» Instructions for the task: Among the entries below, find the line with "MINI SAIA DRAPEADA METAIS TULE MARROM", then quote it and each following line up to and including the line with "Soudruh Kim Čong", and nothing else.

» Input for this task:
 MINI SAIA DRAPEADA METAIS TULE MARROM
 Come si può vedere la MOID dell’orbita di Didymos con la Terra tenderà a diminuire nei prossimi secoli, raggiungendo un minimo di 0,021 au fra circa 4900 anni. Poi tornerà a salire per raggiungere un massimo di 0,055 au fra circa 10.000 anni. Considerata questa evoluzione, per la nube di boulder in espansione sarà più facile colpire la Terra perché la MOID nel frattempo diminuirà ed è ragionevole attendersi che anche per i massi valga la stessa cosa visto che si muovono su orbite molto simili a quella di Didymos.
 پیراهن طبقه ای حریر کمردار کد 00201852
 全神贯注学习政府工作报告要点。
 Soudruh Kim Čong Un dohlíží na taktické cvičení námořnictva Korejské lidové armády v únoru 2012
==
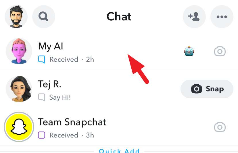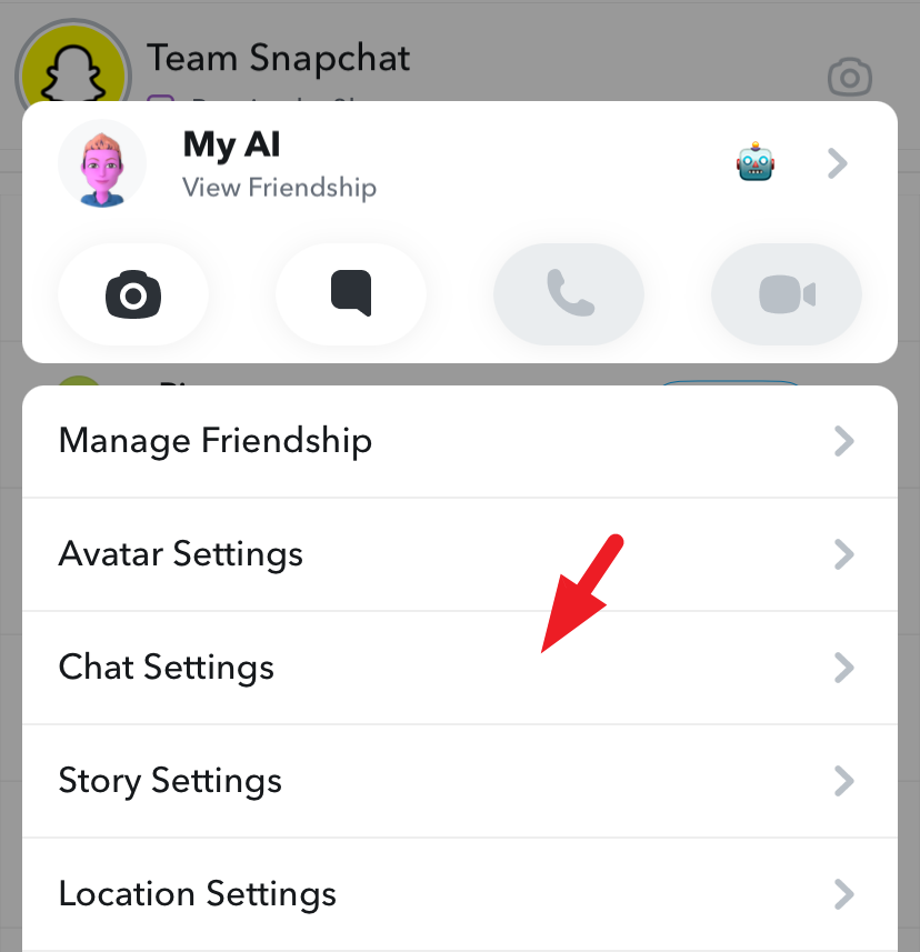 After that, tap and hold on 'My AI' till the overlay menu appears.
==
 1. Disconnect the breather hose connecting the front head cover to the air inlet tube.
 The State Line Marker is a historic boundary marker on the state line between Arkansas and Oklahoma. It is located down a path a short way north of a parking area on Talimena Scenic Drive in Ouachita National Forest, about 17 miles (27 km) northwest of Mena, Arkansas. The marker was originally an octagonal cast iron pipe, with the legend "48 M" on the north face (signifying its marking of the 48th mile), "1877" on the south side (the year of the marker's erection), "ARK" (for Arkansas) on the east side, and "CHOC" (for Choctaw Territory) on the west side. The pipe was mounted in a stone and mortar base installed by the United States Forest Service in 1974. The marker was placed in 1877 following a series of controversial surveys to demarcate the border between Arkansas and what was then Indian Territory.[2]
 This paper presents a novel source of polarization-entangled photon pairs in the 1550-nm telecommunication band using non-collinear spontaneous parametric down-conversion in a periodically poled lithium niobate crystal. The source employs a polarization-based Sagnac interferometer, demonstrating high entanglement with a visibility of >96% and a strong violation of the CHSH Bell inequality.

» Answer to this task:
 MINI SAIA DRAPEADA METAIS TULE MARROM
 Come si può vedere la MOID dell’orbita di Didymos con la Terra tenderà a diminuire nei prossimi secoli, raggiungendo un minimo di 0,021 au fra circa 4900 anni. Poi tornerà a salire per raggiungere un massimo di 0,055 au fra circa 10.000 anni. Considerata questa evoluzione, per la nube di boulder in espansione sarà più facile colpire la Terra perché la MOID nel frattempo diminuirà ed è ragionevole attendersi che anche per i massi valga la stessa cosa visto che si muovono su orbite molto simili a quella di Didymos.
 پیراهن طبقه ای حریر کمردار کد 00201852
 全神贯注学习政府工作报告要点。
 Soudruh Kim Čong Un dohlíží na taktické cvičení námořnictva Korejské lidové armády v únoru 2012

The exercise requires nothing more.